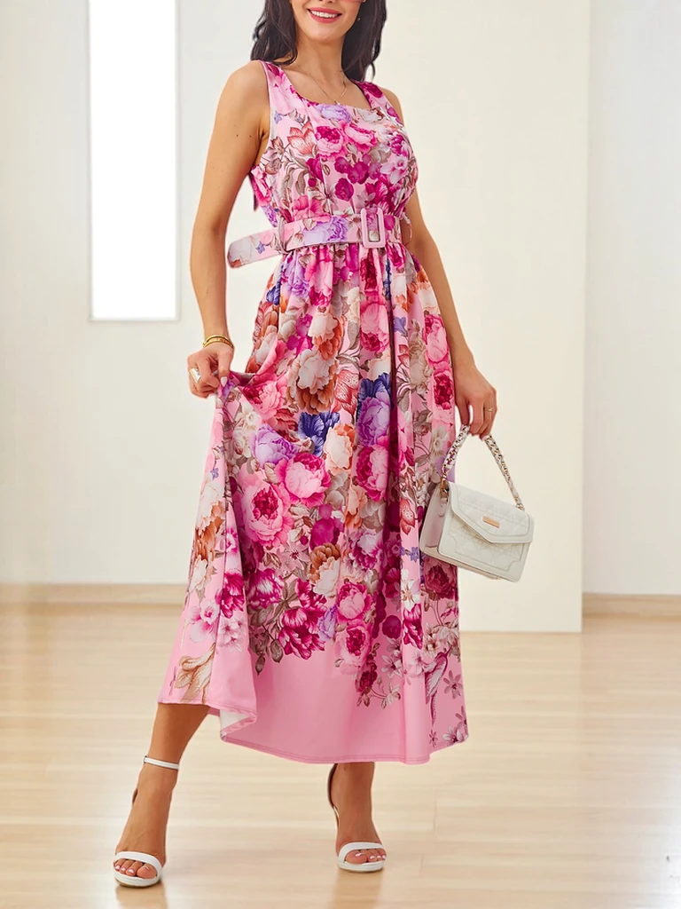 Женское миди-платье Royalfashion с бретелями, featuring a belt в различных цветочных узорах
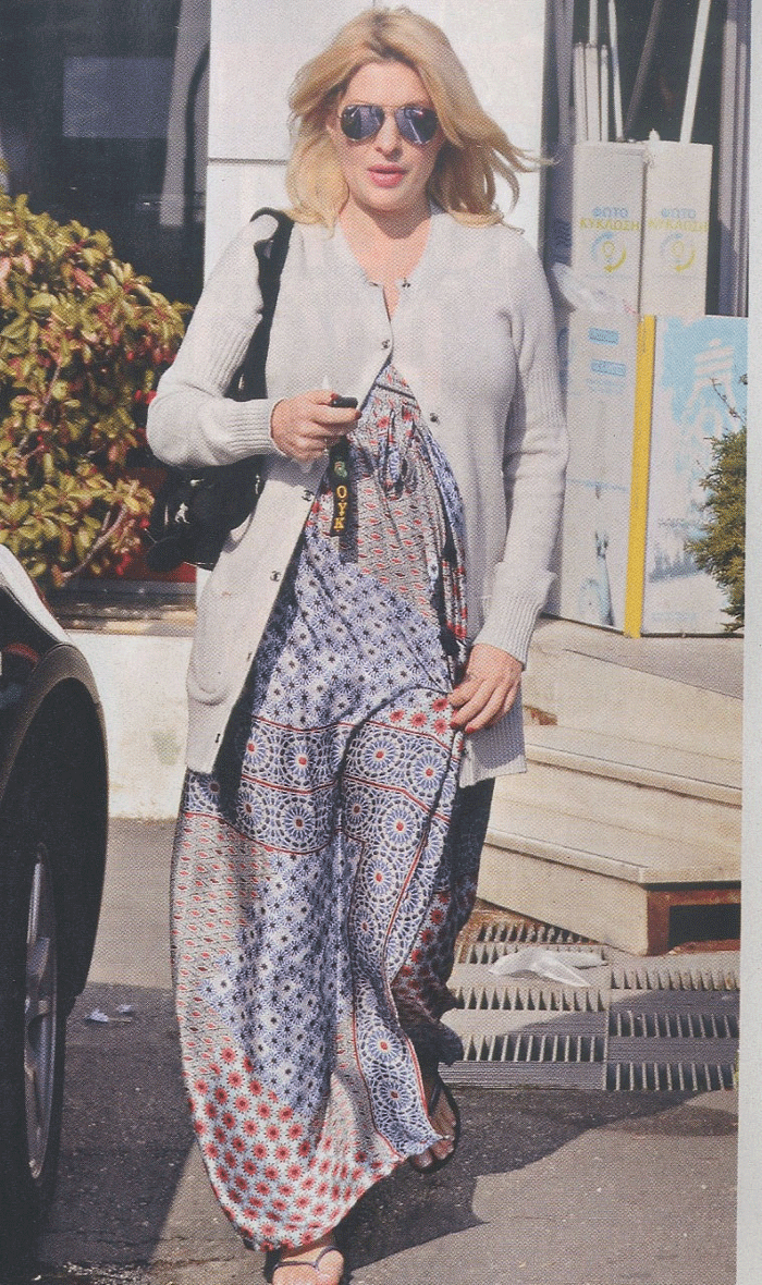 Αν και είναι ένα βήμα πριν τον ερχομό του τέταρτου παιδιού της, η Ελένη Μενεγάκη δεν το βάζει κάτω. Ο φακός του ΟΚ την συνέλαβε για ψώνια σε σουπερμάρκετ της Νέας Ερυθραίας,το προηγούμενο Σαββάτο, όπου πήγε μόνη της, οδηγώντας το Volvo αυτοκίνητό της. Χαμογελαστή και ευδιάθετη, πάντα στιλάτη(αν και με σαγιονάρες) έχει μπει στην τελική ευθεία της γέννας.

^^^^^^^^

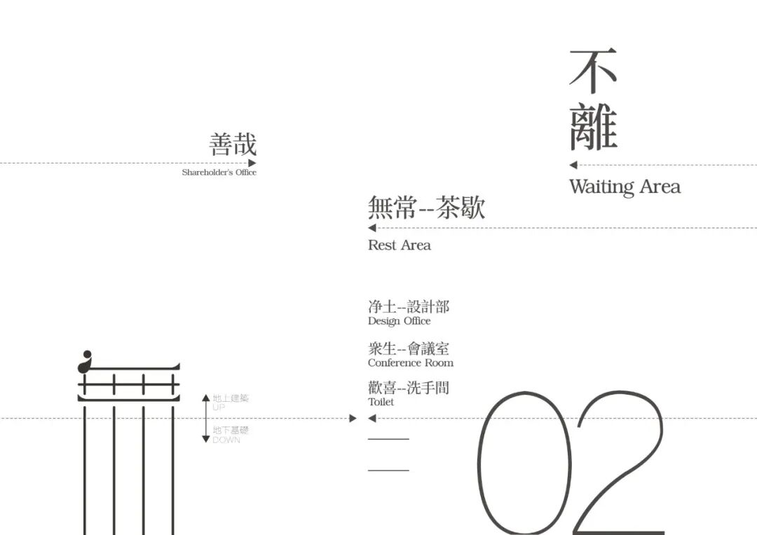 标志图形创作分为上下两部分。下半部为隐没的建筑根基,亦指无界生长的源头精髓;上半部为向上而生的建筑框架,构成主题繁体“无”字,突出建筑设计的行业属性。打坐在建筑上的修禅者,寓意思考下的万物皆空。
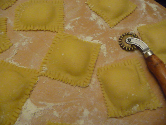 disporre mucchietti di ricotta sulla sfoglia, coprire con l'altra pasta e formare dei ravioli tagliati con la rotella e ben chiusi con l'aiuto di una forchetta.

^^^^^^^^

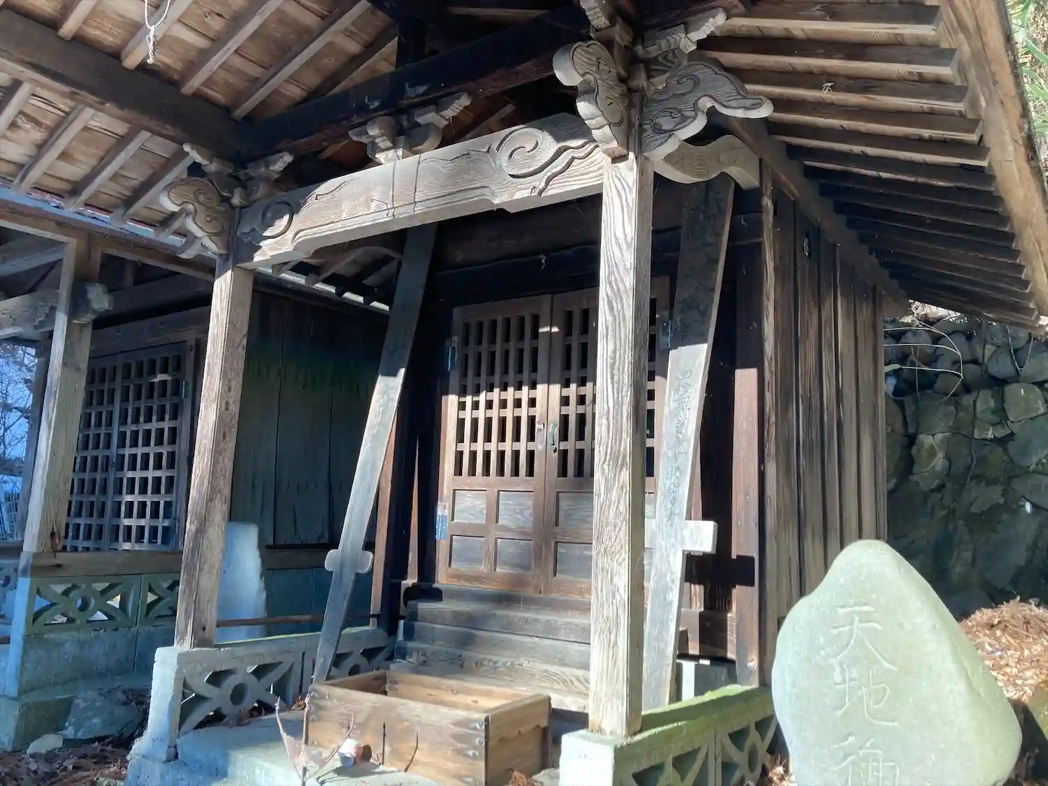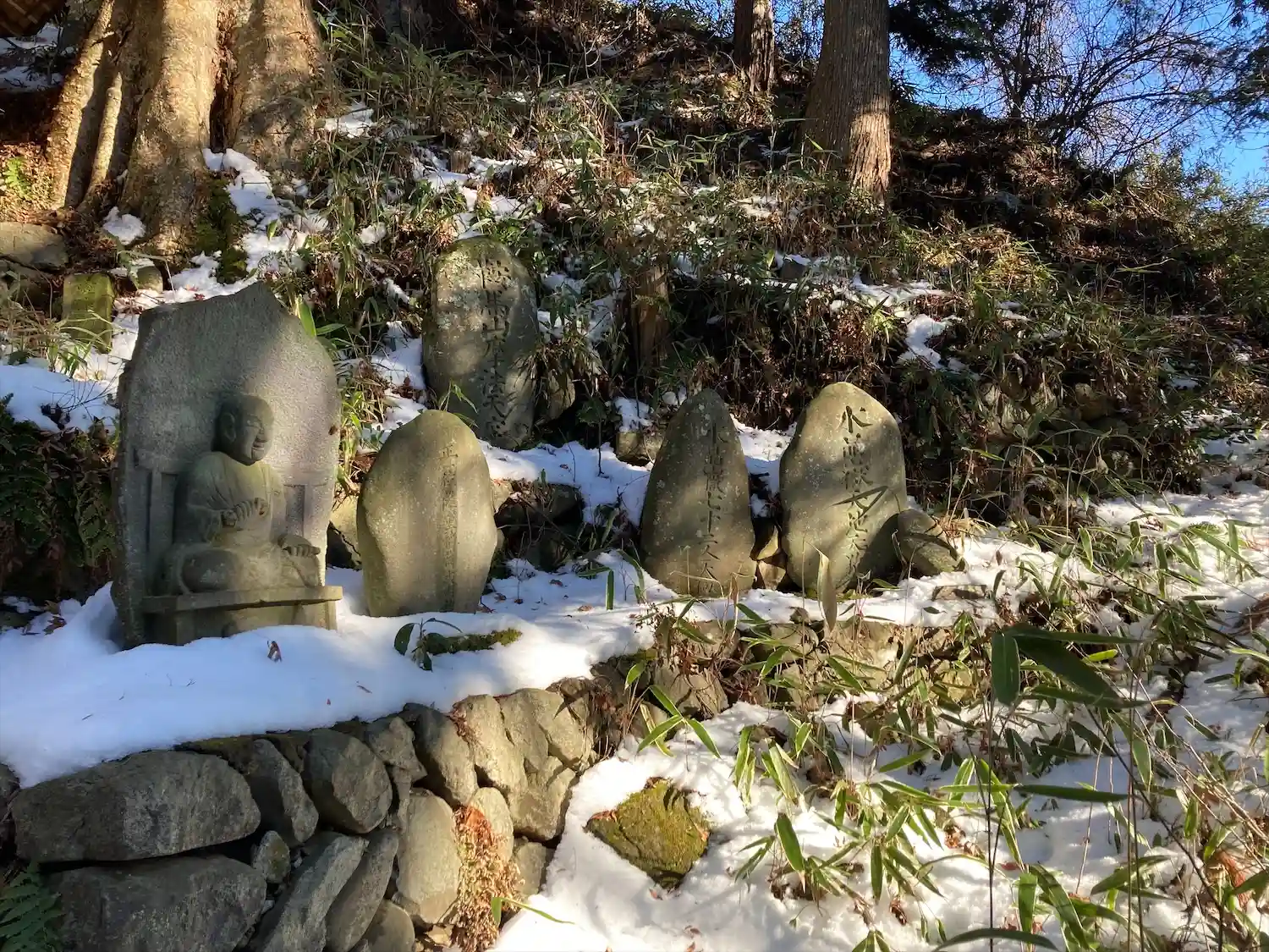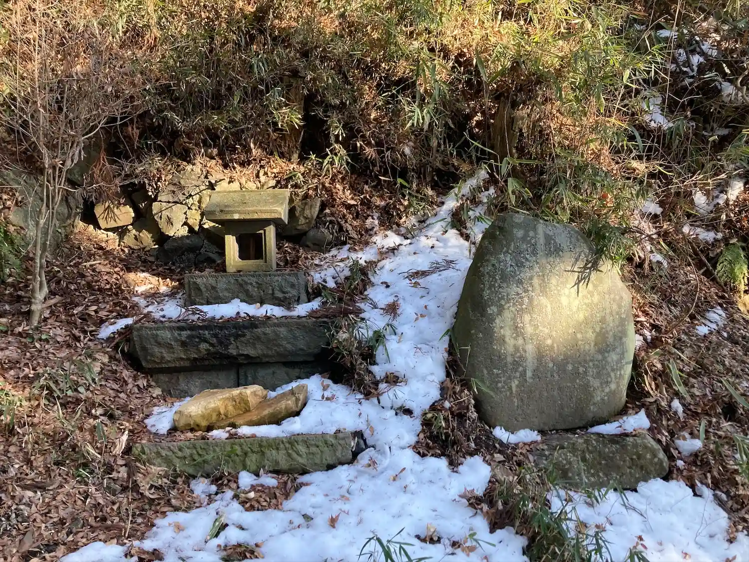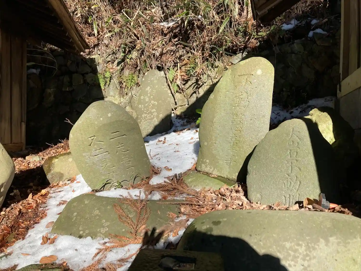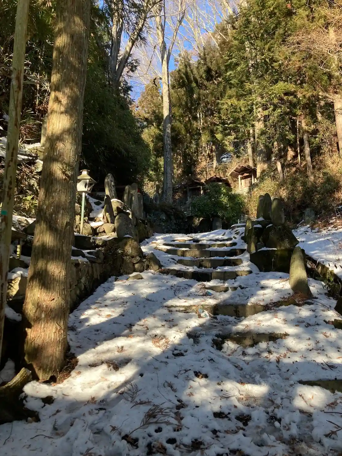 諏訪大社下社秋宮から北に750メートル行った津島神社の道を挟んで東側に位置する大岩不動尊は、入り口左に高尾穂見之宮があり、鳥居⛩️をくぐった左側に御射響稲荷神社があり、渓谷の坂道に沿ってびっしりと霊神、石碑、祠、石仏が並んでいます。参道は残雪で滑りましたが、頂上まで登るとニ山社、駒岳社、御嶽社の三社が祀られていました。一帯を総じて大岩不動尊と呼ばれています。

^^^^^^^^

EXERCISE DIRECTIONS » Extract the part of the records that opens with the line containing "标志图形创作分为上下两部分。" and closes with the line containing "disporre mucchietti di". Take only those lines, exactly, and no pictures.

RESULT FOR THIS EXERCISE »
 标志图形创作分为上下两部分。下半部为隐没的建筑根基,亦指无界生长的源头精髓;上半部为向上而生的建筑框架,构成主题繁体“无”字,突出建筑设计的行业属性。打坐在建筑上的修禅者,寓意思考下的万物皆空。
 disporre mucchietti di ricotta sulla sfoglia, coprire con l'altra pasta e formare dei ravioli tagliati con la rotella e ben chiusi con l'aiuto di una forchetta.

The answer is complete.